[Start of Attachment]
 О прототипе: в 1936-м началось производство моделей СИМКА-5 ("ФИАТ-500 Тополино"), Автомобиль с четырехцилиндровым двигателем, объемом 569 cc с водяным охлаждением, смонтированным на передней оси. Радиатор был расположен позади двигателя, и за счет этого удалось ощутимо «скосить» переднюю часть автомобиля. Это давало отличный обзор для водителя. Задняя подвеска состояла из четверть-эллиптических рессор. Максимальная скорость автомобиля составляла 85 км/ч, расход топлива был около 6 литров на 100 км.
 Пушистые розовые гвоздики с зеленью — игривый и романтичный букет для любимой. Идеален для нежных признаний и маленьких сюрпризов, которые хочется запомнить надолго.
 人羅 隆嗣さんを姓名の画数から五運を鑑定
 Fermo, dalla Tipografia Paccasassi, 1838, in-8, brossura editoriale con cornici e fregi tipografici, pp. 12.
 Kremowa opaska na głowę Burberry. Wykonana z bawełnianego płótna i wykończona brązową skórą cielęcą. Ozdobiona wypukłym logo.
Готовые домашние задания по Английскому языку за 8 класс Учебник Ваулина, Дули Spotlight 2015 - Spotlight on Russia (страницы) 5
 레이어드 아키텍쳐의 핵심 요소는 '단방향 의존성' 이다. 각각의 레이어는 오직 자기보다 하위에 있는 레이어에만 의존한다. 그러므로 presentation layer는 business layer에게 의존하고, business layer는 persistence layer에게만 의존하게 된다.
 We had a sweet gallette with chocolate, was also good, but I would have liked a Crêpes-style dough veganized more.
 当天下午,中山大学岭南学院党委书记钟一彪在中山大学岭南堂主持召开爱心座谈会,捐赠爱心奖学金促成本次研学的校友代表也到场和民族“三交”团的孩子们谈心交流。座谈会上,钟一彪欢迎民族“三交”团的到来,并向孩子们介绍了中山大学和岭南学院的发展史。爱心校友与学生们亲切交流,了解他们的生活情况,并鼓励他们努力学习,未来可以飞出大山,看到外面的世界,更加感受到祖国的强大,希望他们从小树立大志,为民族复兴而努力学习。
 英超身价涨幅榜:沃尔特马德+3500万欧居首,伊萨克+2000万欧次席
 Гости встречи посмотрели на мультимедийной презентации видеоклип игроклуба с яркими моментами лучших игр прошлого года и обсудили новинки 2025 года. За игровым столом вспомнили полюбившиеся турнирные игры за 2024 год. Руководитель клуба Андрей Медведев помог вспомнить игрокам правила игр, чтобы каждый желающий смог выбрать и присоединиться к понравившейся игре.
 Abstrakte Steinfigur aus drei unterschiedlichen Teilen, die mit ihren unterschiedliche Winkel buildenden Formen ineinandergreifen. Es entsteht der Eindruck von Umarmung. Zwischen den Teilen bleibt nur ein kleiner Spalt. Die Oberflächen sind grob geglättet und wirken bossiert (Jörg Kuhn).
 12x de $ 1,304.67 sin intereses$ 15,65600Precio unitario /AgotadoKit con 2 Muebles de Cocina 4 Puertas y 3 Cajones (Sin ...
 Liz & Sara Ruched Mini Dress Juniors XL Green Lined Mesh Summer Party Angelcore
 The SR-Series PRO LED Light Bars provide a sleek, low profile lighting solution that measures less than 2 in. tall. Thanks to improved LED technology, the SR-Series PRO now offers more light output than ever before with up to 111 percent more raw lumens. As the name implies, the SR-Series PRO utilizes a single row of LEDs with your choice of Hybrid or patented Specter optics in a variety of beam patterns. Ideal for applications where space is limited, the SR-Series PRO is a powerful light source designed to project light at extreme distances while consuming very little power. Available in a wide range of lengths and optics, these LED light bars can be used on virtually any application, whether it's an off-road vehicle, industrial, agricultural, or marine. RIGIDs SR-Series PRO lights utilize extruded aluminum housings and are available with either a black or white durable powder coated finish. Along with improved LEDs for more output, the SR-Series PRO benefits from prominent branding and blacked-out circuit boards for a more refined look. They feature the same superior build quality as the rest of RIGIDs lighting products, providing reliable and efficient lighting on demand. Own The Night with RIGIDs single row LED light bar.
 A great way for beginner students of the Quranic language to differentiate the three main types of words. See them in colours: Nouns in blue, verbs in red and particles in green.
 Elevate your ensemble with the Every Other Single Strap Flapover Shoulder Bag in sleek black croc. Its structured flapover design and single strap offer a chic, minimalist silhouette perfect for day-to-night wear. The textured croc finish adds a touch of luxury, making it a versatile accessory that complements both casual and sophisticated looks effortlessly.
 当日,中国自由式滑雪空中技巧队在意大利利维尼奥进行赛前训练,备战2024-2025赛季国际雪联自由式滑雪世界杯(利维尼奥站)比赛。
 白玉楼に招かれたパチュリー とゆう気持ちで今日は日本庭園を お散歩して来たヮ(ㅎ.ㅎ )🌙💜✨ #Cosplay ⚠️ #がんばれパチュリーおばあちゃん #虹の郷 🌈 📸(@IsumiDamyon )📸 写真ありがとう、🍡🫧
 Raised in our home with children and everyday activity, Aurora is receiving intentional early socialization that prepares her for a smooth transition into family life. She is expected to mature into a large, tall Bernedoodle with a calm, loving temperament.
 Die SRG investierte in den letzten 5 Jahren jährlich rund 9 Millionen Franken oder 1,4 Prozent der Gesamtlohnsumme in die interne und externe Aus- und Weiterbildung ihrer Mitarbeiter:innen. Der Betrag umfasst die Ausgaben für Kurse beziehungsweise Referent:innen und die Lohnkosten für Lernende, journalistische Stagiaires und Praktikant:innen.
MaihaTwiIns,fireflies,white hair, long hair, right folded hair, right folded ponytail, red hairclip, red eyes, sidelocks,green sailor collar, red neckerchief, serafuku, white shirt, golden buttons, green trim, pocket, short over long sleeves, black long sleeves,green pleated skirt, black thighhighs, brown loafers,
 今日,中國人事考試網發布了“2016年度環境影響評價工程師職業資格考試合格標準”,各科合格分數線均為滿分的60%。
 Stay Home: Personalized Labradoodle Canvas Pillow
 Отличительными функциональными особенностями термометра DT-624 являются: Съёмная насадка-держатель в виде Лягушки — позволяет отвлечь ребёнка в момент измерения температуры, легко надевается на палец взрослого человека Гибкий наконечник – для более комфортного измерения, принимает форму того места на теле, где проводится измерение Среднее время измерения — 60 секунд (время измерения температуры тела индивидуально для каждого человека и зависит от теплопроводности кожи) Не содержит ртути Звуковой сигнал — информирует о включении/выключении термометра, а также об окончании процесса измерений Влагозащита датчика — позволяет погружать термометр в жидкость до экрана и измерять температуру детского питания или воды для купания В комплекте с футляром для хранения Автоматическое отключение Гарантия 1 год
[End of Attachment]
● **What to work on**:
Take the line above containing "人羅 隆嗣さんを姓名の画数から五運を鑑定", the line containing "Liz & Sara Ruched", and all lines in between, and copy them exactly without anything else.

● **Answer area**:
 人羅 隆嗣さんを姓名の画数から五運を鑑定
 Fermo, dalla Tipografia Paccasassi, 1838, in-8, brossura editoriale con cornici e fregi tipografici, pp. 12.
 Kremowa opaska na głowę Burberry. Wykonana z bawełnianego płótna i wykończona brązową skórą cielęcą. Ozdobiona wypukłym logo.
Готовые домашние задания по Английскому языку за 8 класс Учебник Ваулина, Дули Spotlight 2015 - Spotlight on Russia (страницы) 5
 레이어드 아키텍쳐의 핵심 요소는 '단방향 의존성' 이다. 각각의 레이어는 오직 자기보다 하위에 있는 레이어에만 의존한다. 그러므로 presentation layer는 business layer에게 의존하고, business layer는 persistence layer에게만 의존하게 된다.
 We had a sweet gallette with chocolate, was also good, but I would have liked a Crêpes-style dough veganized more.
 当天下午,中山大学岭南学院党委书记钟一彪在中山大学岭南堂主持召开爱心座谈会,捐赠爱心奖学金促成本次研学的校友代表也到场和民族“三交”团的孩子们谈心交流。座谈会上,钟一彪欢迎民族“三交”团的到来,并向孩子们介绍了中山大学和岭南学院的发展史。爱心校友与学生们亲切交流,了解他们的生活情况,并鼓励他们努力学习,未来可以飞出大山,看到外面的世界,更加感受到祖国的强大,希望他们从小树立大志,为民族复兴而努力学习。
 英超身价涨幅榜:沃尔特马德+3500万欧居首,伊萨克+2000万欧次席
 Гости встречи посмотрели на мультимедийной презентации видеоклип игроклуба с яркими моментами лучших игр прошлого года и обсудили новинки 2025 года. За игровым столом вспомнили полюбившиеся турнирные игры за 2024 год. Руководитель клуба Андрей Медведев помог вспомнить игрокам правила игр, чтобы каждый желающий смог выбрать и присоединиться к понравившейся игре.
 Abstrakte Steinfigur aus drei unterschiedlichen Teilen, die mit ihren unterschiedliche Winkel buildenden Formen ineinandergreifen. Es entsteht der Eindruck von Umarmung. Zwischen den Teilen bleibt nur ein kleiner Spalt. Die Oberflächen sind grob geglättet und wirken bossiert (Jörg Kuhn).
 12x de $ 1,304.67 sin intereses$ 15,65600Precio unitario /AgotadoKit con 2 Muebles de Cocina 4 Puertas y 3 Cajones (Sin ...
 Liz & Sara Ruched Mini Dress Juniors XL Green Lined Mesh Summer Party Angelcore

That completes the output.